The most enduring controversy surrounding the first decade's legislative programme concerns the Land Acquisition Act's compensation provisions. The question is not whether the Act was legally valid -- it was enacted by a sovereign Parliament and has been upheld by Singapore's courts -- but whether it was just.

The government's position was that landowners received "adequate compensation" as required by the Constitution, and that the statutory formula -- which excluded speculative value, potential development value, and (after 1973) any increase in value after the statutory date -- was a legitimate exercise of parliamentary sovereignty in the public interest.

The critics' position, articulated by legal scholars including Kevin Tan and by dispossessed landowners who challenged acquisitions in court, was that the Act's compensation formula systematically undervalued acquired land, transferring wealth from a small class of private landowners (many of them not wealthy) to the state.

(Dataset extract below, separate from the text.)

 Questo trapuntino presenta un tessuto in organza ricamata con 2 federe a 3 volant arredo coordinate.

The 1973 amendment, which froze compensation at 1973 values regardless of when the acquisition occurred, was regarded by these critics as particularly unjust. A landowner whose property was acquired in 1990 received compensation based on the property's value in 1973 -- despite nearly two decades of real appreciation.

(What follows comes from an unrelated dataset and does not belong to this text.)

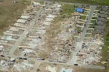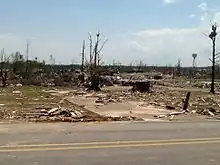 The tornado entered Faulkner County and struck the River Plantation subdivision at the southwest edge of Mayflower. Here, EF4 damage took place with large, two-story homes being leveled with only piles of debris left on their foundations. On the northeast side of the subdivision, one person was killed after debris struck the door of her storm shelter and opened it, exposing her to the tornado. The storm shelter's door was found to have been of sub-standard construction. Near where this fatality took place, large concrete road barriers were blown over and moved, and calculations revealed that this was also likely indicative of EF4 intensity.[14][15] Just outside the subdivision, a power substation sustained major damage. Continuing northeast, the storm tore across the south edge of Mayflower and crossed AR 365 and I-40, tossing semi-trucks, cars, and road equipment from the highway. I-40 was closed for a time after the storm.[16] A business district in this area experienced mainly EF3 damage, with 18-wheelers tossed, industrial buildings damaged or destroyed, and some nearby homes heavily damaged. A recreational vehicle dealership on the other side of the highway was completely destroyed at EF4 intensity (though meteorologist/civil engineer Tim Marshall applied an EF3 rating at this location due to structural flaws), along with most of the RVs; three of which were found wrapped around a nearby billboard. A vehicle repair shop, millwork company, construction company, and church in southern Mayflower were also destroyed, and a home improvement store was badly damaged.[17] In addition to the fatality in the storm shelter, two other people were killed in Mayflower.[18] The tornado then crossed Lake Conway, downing numerous trees and causing a mixture of EF2 and EF3 damage to homes along the lakeshore. Some block-foundation frame homes along with multiple mobile homes were swept into the lake by the tornado. The Arkansas Game and Fish Commission lost a clubhouse, shop, horse barn, residence, metal carports, shower house, and several dog kennels in this area, and eventually removed 627 tons of tornado debris from the lake.[17] The tornado then caused mainly EF2 damage as it struck areas in and around Saltillo. Numerous homes, mobile homes, sheds, barns, trees, and a church were damaged or destroyed in the Saltillo area. Two homes near Saltillo had only interior walls left standing, with the damage to those homes rated EF3.[14]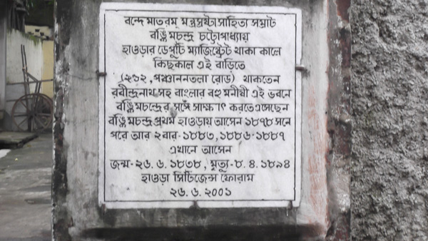 প্রাচীন পঞ্চানন মন্দির থেকে নামকরণ পঞ্চাননতলা রোডের। এই রাস্তা থেকে একটু ভিতরে ২১২ নম্বর বাড়ি। প্রবেশপথের মুখে শ্বেতপাথরের ফলক। হাওড়া সিটিজেন্স ফোরামের উদ্যোগে ২০০১-এর ২৬ জুন, অর্থাৎ বঙ্কিমচন্দ্রের জন্মদিবসে এটি স্থাপিত হয়। ফলকে লেখা ‘বন্দেমাতরম স্রষ্টা সাহিত্য সম্রাট’ এই বাড়িতে কিছু কাল ছিলেন। তাঁর সঙ্গে এই বাড়িতে রবীন্দ্রনাথ ঠাকুর-সহ কয়েক জন মণীষী দেখা করতে এসেছিলেন। হাওড়ায় তাঁর বসবাস কাল এবং জন্ম-মৃত্যুর তারিখও খোদিত। ঠিক এরই পাশে, ২১৮ নম্বর বাড়িতেও কিছু কাল কাটান তিনি।

The government partially conceded this criticism in 2007, amending the Act to peg compensation to market value at the date of gazette notification. Minister for Law S. Jayakumar explained that "the circumstances that justified the 1973 amendment no longer apply." The implicit admission was that below-market compensation had been a policy of necessity, not of justice.

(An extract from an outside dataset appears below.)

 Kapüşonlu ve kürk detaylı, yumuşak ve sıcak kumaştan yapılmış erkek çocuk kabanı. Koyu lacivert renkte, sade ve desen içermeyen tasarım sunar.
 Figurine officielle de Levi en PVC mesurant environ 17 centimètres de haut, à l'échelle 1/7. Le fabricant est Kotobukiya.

The Employment Act: Worker Sacrifice or Worker Exploitation?

The Employment Act and Industrial Relations (Amendment) Act remain contested within Singapore's labour history. The government's narrative -- that workers made a temporary sacrifice for long-term national development, and that the resulting economic growth benefited workers through full employment, rising wages, and state-provided housing and education -- is supported by the aggregate economic data. Singapore's per capita GDP rose from approximately US$500 in 1965 to over US$4,000 by 1980. Unemployment fell from approximately 14 per cent in 1959 to under 3 per cent by the early 1970s.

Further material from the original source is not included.